> [AIM OF THE EXERCISE] Transcribe exactly the lines that fall between the one holding "Masjid Malabar or" and the one holding "Doa Dzikir Umroh berisi", inclusive, from the entries below.

> [TASK INPUT]
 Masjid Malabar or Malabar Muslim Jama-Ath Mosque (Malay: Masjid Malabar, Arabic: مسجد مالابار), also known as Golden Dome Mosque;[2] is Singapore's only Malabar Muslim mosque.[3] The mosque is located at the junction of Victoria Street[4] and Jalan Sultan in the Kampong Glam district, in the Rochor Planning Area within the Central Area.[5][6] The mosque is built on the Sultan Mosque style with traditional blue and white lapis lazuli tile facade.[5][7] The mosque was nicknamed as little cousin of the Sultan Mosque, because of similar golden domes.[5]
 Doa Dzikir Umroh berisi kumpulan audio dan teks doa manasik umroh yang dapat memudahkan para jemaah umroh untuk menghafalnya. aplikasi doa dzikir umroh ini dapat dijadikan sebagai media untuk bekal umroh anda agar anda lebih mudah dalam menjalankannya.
==
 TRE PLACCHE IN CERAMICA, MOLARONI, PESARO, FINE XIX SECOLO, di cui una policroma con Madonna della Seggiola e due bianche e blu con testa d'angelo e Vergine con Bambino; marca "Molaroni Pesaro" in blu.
...
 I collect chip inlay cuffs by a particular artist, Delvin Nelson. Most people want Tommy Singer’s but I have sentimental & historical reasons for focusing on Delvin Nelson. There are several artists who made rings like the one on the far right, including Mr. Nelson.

> [ANSWER SPACE]
 Masjid Malabar or Malabar Muslim Jama-Ath Mosque (Malay: Masjid Malabar, Arabic: مسجد مالابار), also known as Golden Dome Mosque;[2] is Singapore's only Malabar Muslim mosque.[3] The mosque is located at the junction of Victoria Street[4] and Jalan Sultan in the Kampong Glam district, in the Rochor Planning Area within the Central Area.[5][6] The mosque is built on the Sultan Mosque style with traditional blue and white lapis lazuli tile facade.[5][7] The mosque was nicknamed as little cousin of the Sultan Mosque, because of similar golden domes.[5]
 Doa Dzikir Umroh berisi kumpulan audio dan teks doa manasik umroh yang dapat memudahkan para jemaah umroh untuk menghafalnya. aplikasi doa dzikir umroh ini dapat dijadikan sebagai media untuk bekal umroh anda agar anda lebih mudah dalam menjalankannya.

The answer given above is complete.